Second Wave: Obamacare
There are over twenty new or higher taxes in Obamacare. Several will first go into effect on January 1, 2011. They include:
The “Medicine Cabinet Tax” Thanks to Obamacare, Americans will no longer be able to use health savings account (HSA), flexible spending account (FSA), or health reimbursement (HRA) pre-tax dollars to purchase non-prescription, over-the-counter medicines (except insulin).
The “Special Needs Kids Tax” This provision of Obamacare imposes a cap on flexible spending accounts (FSAs) of $2500 (Currently, there is no federal government limit). There is one group of FSA owners for whom this new cap will be particularly cruel and onerous: parents of special needs children. There are thousands of families with special needs children in the United States, and many of them use FSAs to pay for special needs education. Tuition rates at one leading school that teaches special needs children in Washington, D.C. (National Child Research Center) can easily exceed $14,000 per year. Under tax rules, FSA dollars can be used to pay for this type of special needs education.
The HSA Withdrawal Tax Hike. This provision of Obamacare increases the additional tax on non-medical early withdrawals from an HSA from 10 to 20 percent, disadvantaging them relative to IRAs and other tax-advantaged accounts, which remain at 10 percent.
Third Wave: The Alternative Minimum Tax and Employer Tax Hikes
When Americans prepare to file their tax returns in January of 2011, they’ll be in for a nasty surprise—the AMT won’t be held harmless, and many tax relief provisions will have expired. The major items include:
The AMT will ensnare over 28 million families, up from 4 million last year. According to the left-leaning Tax Policy Center, Congress’ failure to index the AMT will lead to an explosion of AMT taxpaying families—rising from 4 million last year to 28.5 million. These families will have to calculate their tax burdens twice, and pay taxes at the higher level. The AMT was created in 1969 to ensnare a handful of taxpayers.

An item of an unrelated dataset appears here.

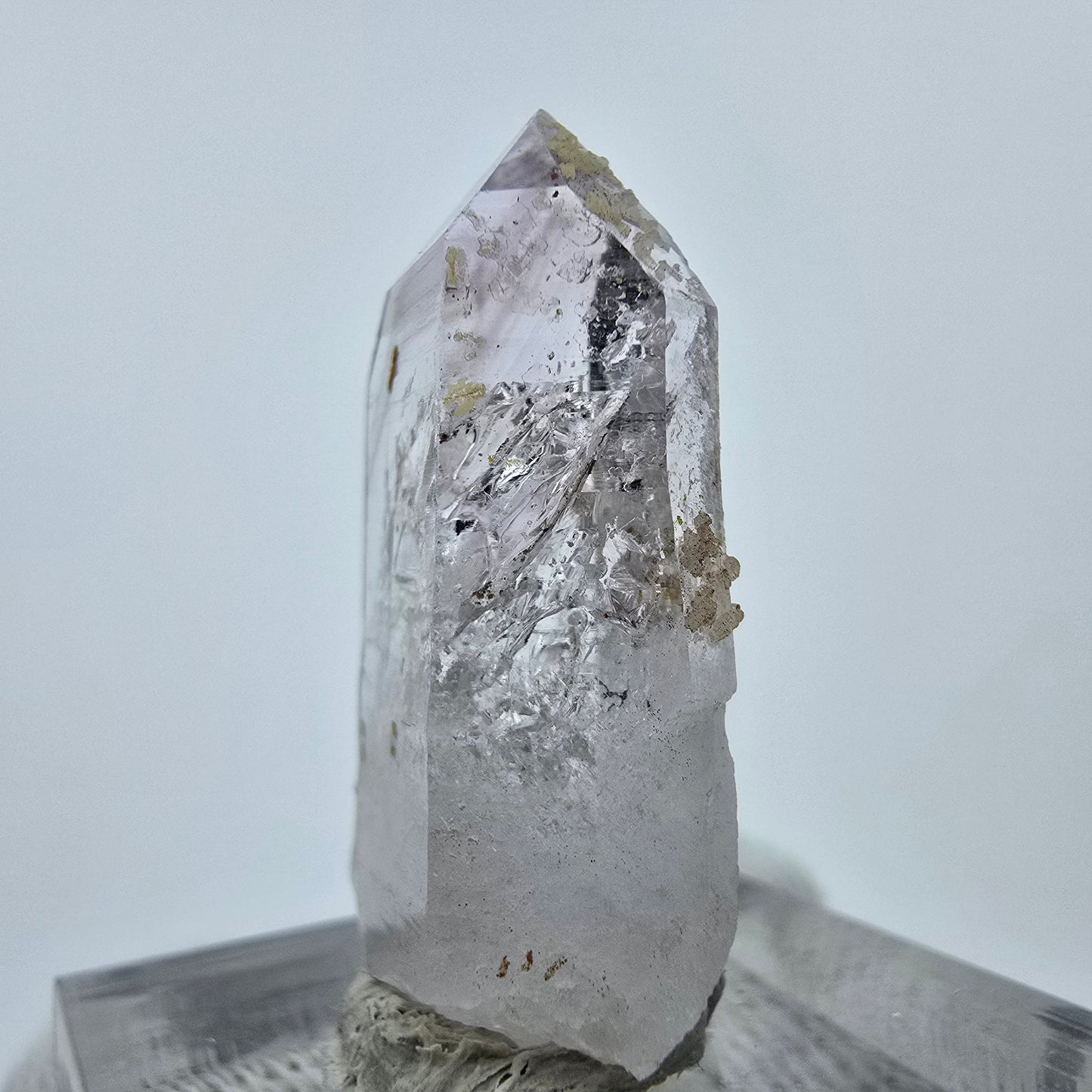 Discover the mesmerizing beauty of our Lemurian Phantom Amethyst, which not only boasts a rare, clear purple-white transparency but also possesses extraordinary phantom structures within. This impressive crystal point is a remarkable Lemurian Quartz, enhanced with horizontally grown transverse grooves on its surface, thus taking any collector's breath away.

Small business expensing will be slashed and 50% expensing will disappear. Small businesses can normally expense (rather than slowly-deduct, or “depreciate”) equipment purchases up to $250,000. This will be cut all the way down to $25,000. Larger businesses can expense half of their purchases of equipment. In January of 2011, all of it will have to be “depreciated.”
Taxes will be raised on all types of businesses. There are literally scores of tax hikes on business that will take place. The biggest is the loss of the “research and experimentation tax credit,” but there are many, many others. Combining high marginal tax rates with the loss of this tax relief will cost jobs.
Tax Benefits for Education and Teaching Reduced. The deduction for tuition and fees will not be available. Tax credits for education will be limited. Teachers will no longer be able to deduct classroom expenses. Coverdell Education Savings Accounts will be cut. Employer-provided educational assistance is curtailed. The student loan interest deduction will be disallowed for hundreds of thousands of families.
Charitable Contributions from IRAs no longer allowed. Under current law, a retired person with an IRA can contribute up to $100,000 per year directly to a charity from their IRA. This contribution also counts toward an annual “required minimum distribution.” This ability will no longer be there.